The four miniature dances, the earliest pieces on this disc and written for the composer’s children, are really lightweight (indeed featherweight) pieces, as may be discerned by their whimsical titles such as Fiona’s fancy and Debbie’s delight. The Kingstone Sketches are similarly devoid of any serious or deeper intent; but the same cannot be said for the first two of the Scenes from the Humber written nearly twenty years later. In that suite even the concluding Humber Keel Hornpipe is loaded with unexpected and rebarbative rhythmic eccentricities, but the real seriousness of purpose is reserved for the first two movements. The Petuaria Patrol, a depiction of a Roman legion marching across the fenland, clearly owes something to the final section of Respighi’s Pines of Rome, but the quiet conclusion as the march fades into the distance gives the whole movement a more melancholy air. And the depiction of the flat coastland of the Spurn Point Elegy, complete with whirling seabirds and gusting winds, is really something very special, a haunting evocation of space and time which transcends anything else on this disc – or indeed anything that could normally be regarded as light music. The atmosphere of Moeran’s Lonely waters and Bax’s On the seashore are not far distant, and this miniature tone-poem could well hold its place in any concert of English pastoral idylls. It is, moreover, beautifully evoked by the playing of the RTÉ Sinfonietta, whose rendition of the music under the baton of the conductor is generally all that could be wished. Although I might have welcomed a little more warmth and emotion from the oboe soloist and strings in the Silver Street romance movement of the Kingston Sketches, the recorded acoustic and sound is otherwise admirable.

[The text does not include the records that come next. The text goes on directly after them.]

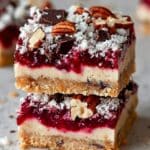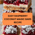 Raspberry Coconut Magic Bars combine a buttery crust with layers of raspberry jam, sweetened condensed milk, coconut, nuts, and chocolate chips. This easy-to-make dessert is a delightful mix of textures and flavors that’s perfect for any occasion.
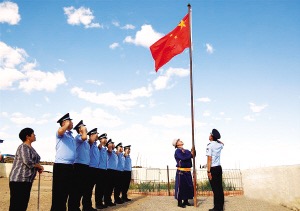 阿迪雅(右二)、妻子娜仁其其格(左一)與內(nèi)蒙古出入境邊防檢查總站包頭邊境管理支隊滿都拉邊境派出所民警在院子里升起國旗。 馮楚帆攝
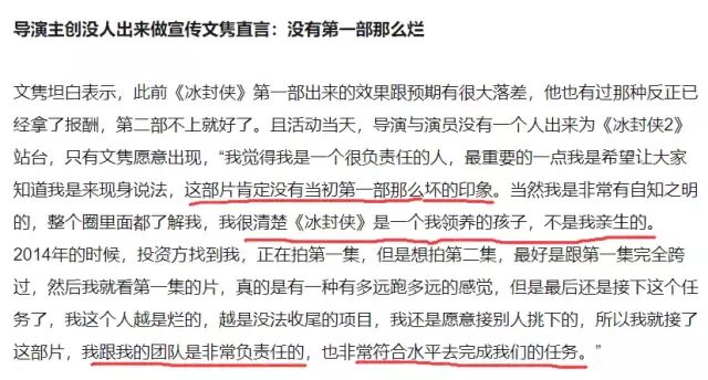 当时文隽在接受采访时还说《冰封侠2》没有第一部烂,虽然是自己“领养的孩子“,但也尽心尽力地完成了任务。并表示对电影“有信心“,会给观众带来”耳目一新“的感觉。
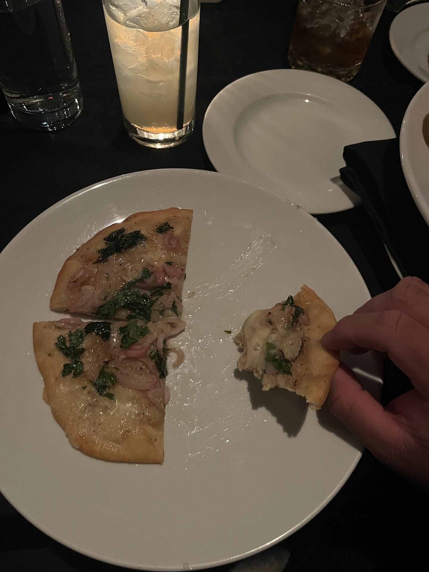 As I read the reviews of this place, I was skeptical. Surely an establishment that makes their noodles in house, and charges anywhere from 30-50 an entree would not consistently let people down. Well, I gave it a shot. We came here for my wife’s birthday. Started with the bone marrow pizza fritta. It was good. Hard to mess up really. The mussels with crostini were arguably good! Things were looking up. The creamy white wine sauce with faint crushed red peppers was tasty and gave much hope. And then my entree came out: Vongole- linguini noodles in a garlic, parsley lemon sauce with clams… Where to begin. The sauce has no real flavor. I couldn’t make out any of the listed ingredients but butter. It was seemingly not salted or seasoned even slightly. The noodles, soggy. Expecting al dente noodles at a place like this should not be far fetched? Maybe I’m missing something. And then the grit. The sandy, unpleasant, grit. Every bite I took led to crunchy sandy grit in my mouth. Unsure the source but most likely improperly (or not at all) cleaned and prepared clams. After the first couple bites I tried to get my waitress’ attention as she walked by, and was unsuccessful. After sitting there and letting the food get cold I realized help was not coming. Given that I was about to pay $36 for my gritty pasta, I ate it.. with a smile. As taught by my mother to eat what was served to you. (Although I think she meant places other than a ‘fine dining’ establishment lol) Duck confit w/ risotto: Flavor! Seasoning! An evident contrast! my wife enjoyed her food. Fresh lemon punching through the rich duck. Seasoned appropriately. Risotto, overcooked to the point of mush but she didn’t mind. Definitely over cooked but again - the wife was happy. We finished with burnt but ice cream. Good but not perfected. Very faint intended flavor and more vanilla than anything. They tried! We got Orange green tea cake with lavender whipped cream to go: it was on the dry side and hard. But the flavor was there. The lavender whipped cream was tasty.
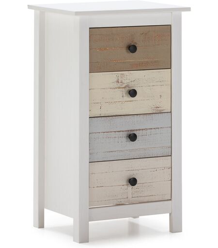 VS VENTA-STOCK Cassettiera Magda Bianco con 4 cassetti di Diversi Colori, Realizzato in Pino Massiccio
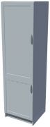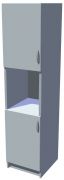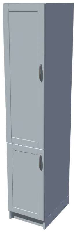 40 cm široká skříňka je na pevném soklu vysokém 10 cm. Celková výška i se soklem je 206 cm. Hloubka korpusu je 56 cm a i s dvířky nepřesáhne celková hloubka skříňky 58 cm. Za skříňkou již není žádný prostor pro vedení vody, plynu, elektrické zásuvky apod. V dolní části je jedna a v horní dvě volné police.
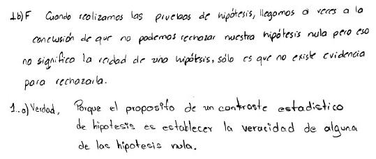 Un contraste estadístico de hipótesis, correctamente realizado, establece la verdad de una de las dos hipótesis nula o alternativa. Justifica tu respuesta. V/ F
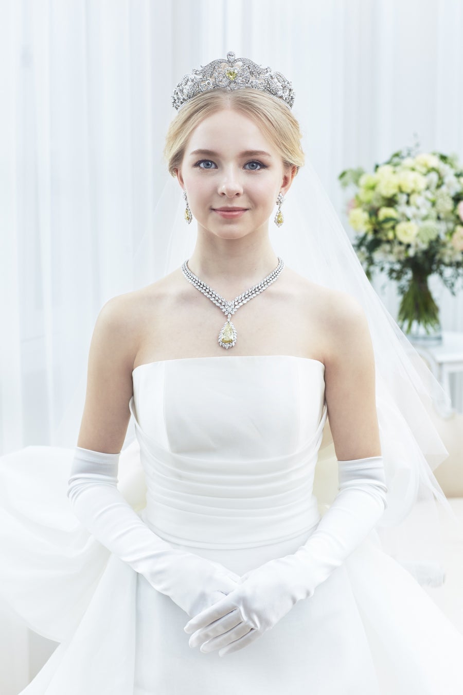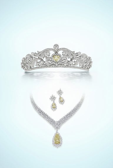 ティアラとネックレスの中心には、希少性の高い大粒イエローダイヤモンドがセットされており、その輝きはまさに圧巻です。
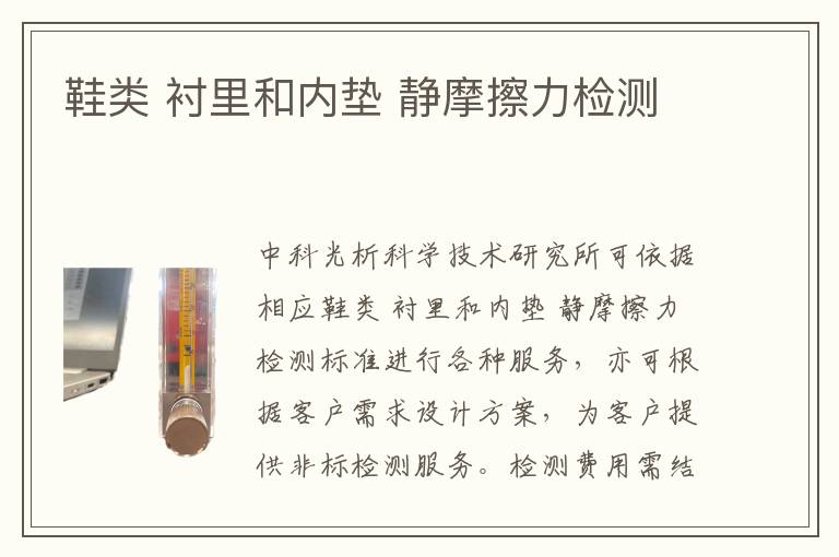 關鍵詞:鞋類襯里和內(nèi)墊靜摩擦力測試機構,鞋類襯里和內(nèi)墊靜摩擦力測試標準,鞋類襯里和內(nèi)墊靜摩擦力測試案例
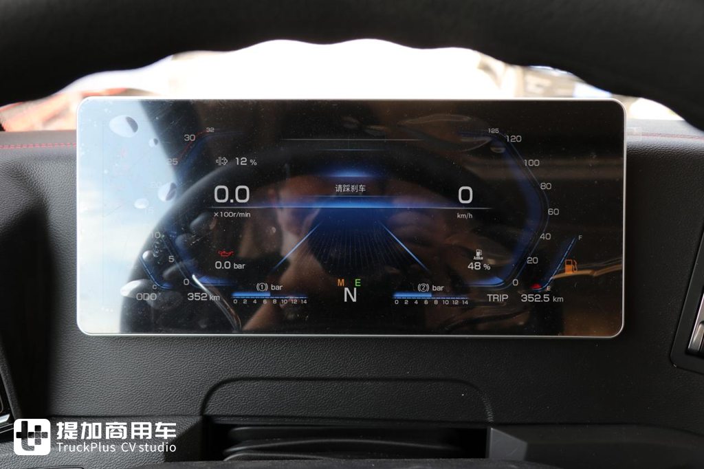 智能化是汕德卡C9H的一个主打项,在这辆车的液晶仪表盘上不仅有超多且详细的行车数据显示,内部还融入了车联网和行车助力功能,带有全方位的智能保养和服务提醒,驾驶员可以从这块屏幕上获取到超过90%的车辆信息。
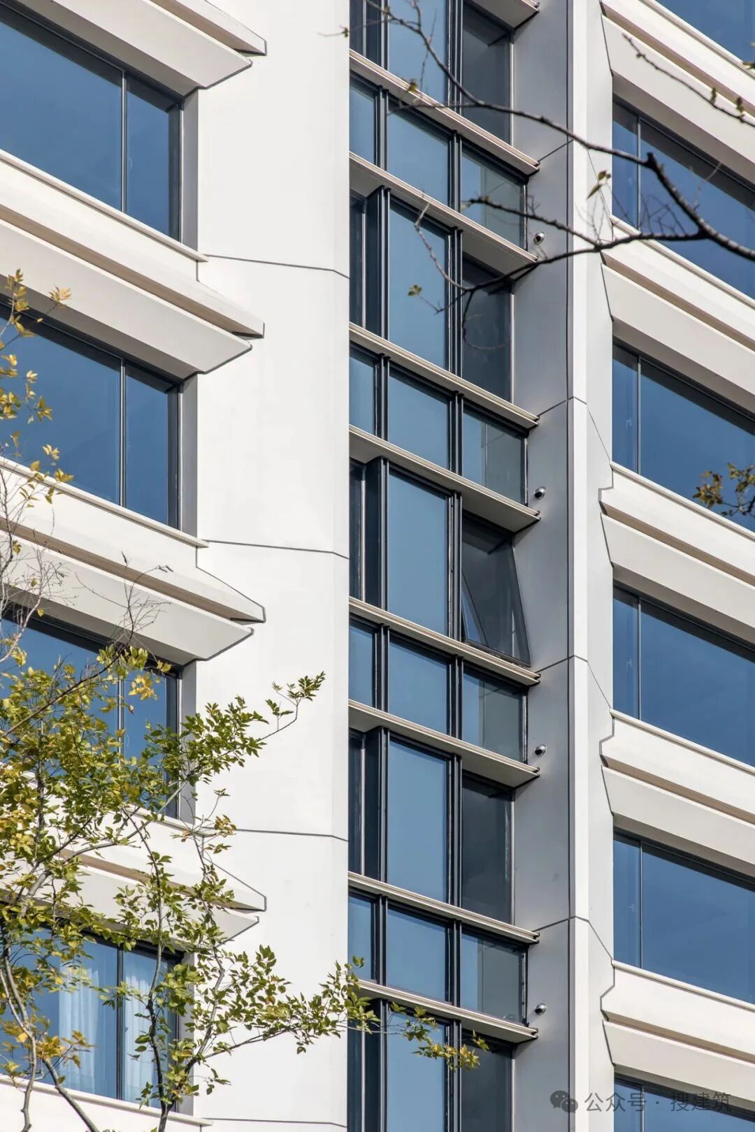 建筑中部采用偏暖色仿石材紋理的鋁板,并在鋁板上做了細(xì)節(jié)凹槽處理,通過這些細(xì)節(jié)提升建筑整體的溫度,使得整體建筑形象更加溫暖近人。

The booklet notes by John Dixon, which appear to have been updated to take cognisance of Hedges’ death in 2019, are generally comprehensive and seem to have been guided by the composer’s information regarding the genesis of the music, and his evident pride in the popularity that some of the pieces clearly achieved. As such this makes an excellent, if somewhat out-of-the-general run, addition to the reissues on Naxos of their Marco Polo recordings from the 1990s. Reviewing that original Marco Polo release for this site in August 1999, Paul Conway lamented the lack of recordings of Hedges’ more serious music such as his two symphonies; unfortunately in the succeeding quarter century it does not appear that anybody has taken up the challenge. Given the quality of inspiration in Spurn Point, that does seem a shame.